* _What you need to do_:
Exactly as written, output each of the lines below, with no images.

* _Given data_:
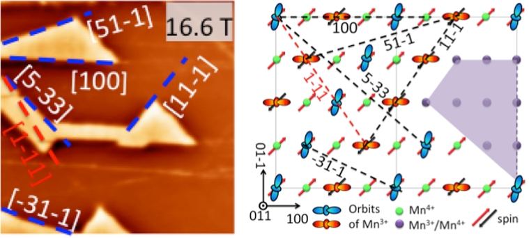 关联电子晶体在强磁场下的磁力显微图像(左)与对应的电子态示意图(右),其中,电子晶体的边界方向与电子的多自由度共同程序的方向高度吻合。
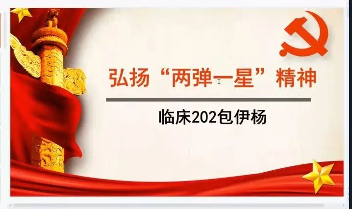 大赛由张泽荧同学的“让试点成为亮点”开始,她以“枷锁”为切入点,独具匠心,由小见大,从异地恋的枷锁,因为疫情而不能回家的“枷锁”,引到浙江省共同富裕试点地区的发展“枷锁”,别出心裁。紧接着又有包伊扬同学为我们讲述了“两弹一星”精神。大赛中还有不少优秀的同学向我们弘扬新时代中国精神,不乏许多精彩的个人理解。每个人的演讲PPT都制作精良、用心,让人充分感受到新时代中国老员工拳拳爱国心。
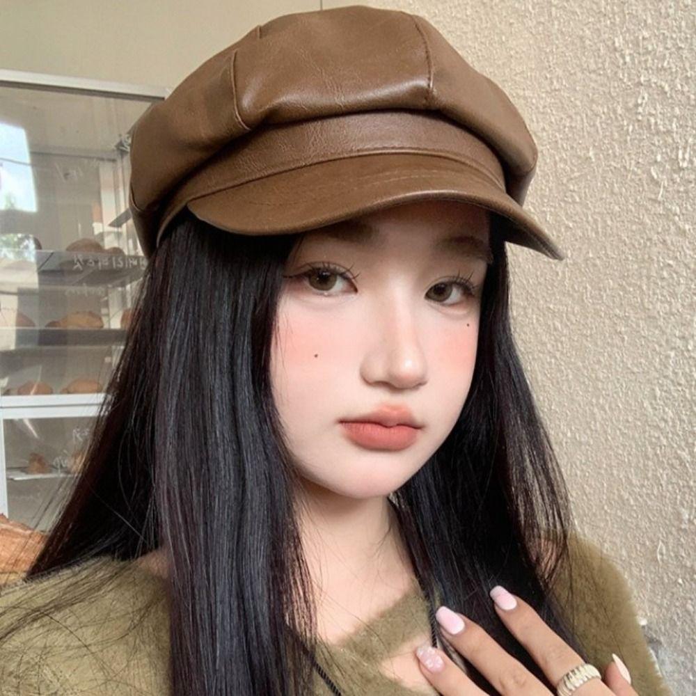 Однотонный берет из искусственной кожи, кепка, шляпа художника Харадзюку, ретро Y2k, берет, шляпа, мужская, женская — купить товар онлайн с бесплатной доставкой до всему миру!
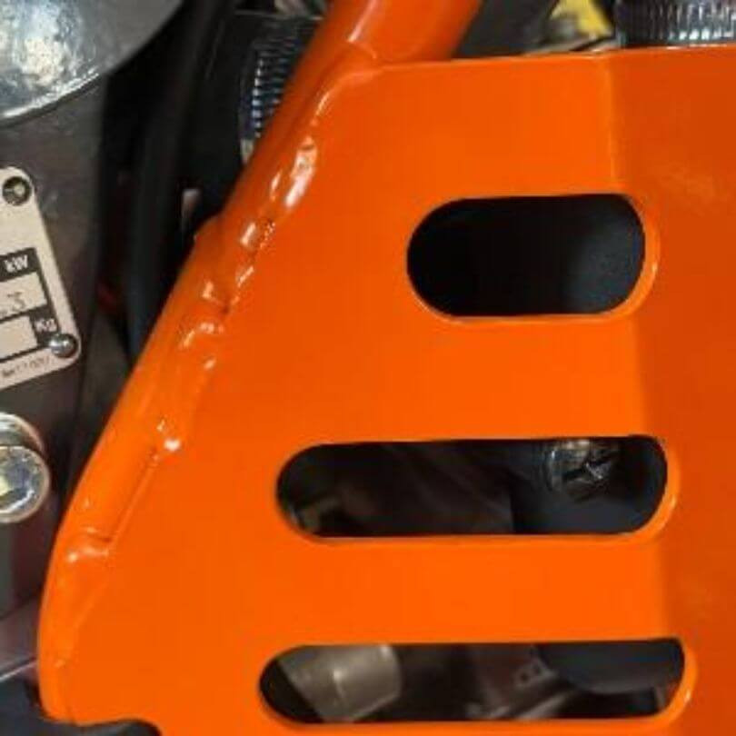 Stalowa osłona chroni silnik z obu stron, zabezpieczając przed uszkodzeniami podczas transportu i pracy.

* _Task output_:
 关联电子晶体在强磁场下的磁力显微图像(左)与对应的电子态示意图(右),其中,电子晶体的边界方向与电子的多自由度共同程序的方向高度吻合。
 大赛由张泽荧同学的“让试点成为亮点”开始,她以“枷锁”为切入点,独具匠心,由小见大,从异地恋的枷锁,因为疫情而不能回家的“枷锁”,引到浙江省共同富裕试点地区的发展“枷锁”,别出心裁。紧接着又有包伊扬同学为我们讲述了“两弹一星”精神。大赛中还有不少优秀的同学向我们弘扬新时代中国精神,不乏许多精彩的个人理解。每个人的演讲PPT都制作精良、用心,让人充分感受到新时代中国老员工拳拳爱国心。
 Однотонный берет из искусственной кожи, кепка, шляпа художника Харадзюку, ретро Y2k, берет, шляпа, мужская, женская — купить товар онлайн с бесплатной доставкой до всему миру!
 Stalowa osłona chroni silnik z obu stron, zabezpieczając przed uszkodzeniami podczas transportu i pracy.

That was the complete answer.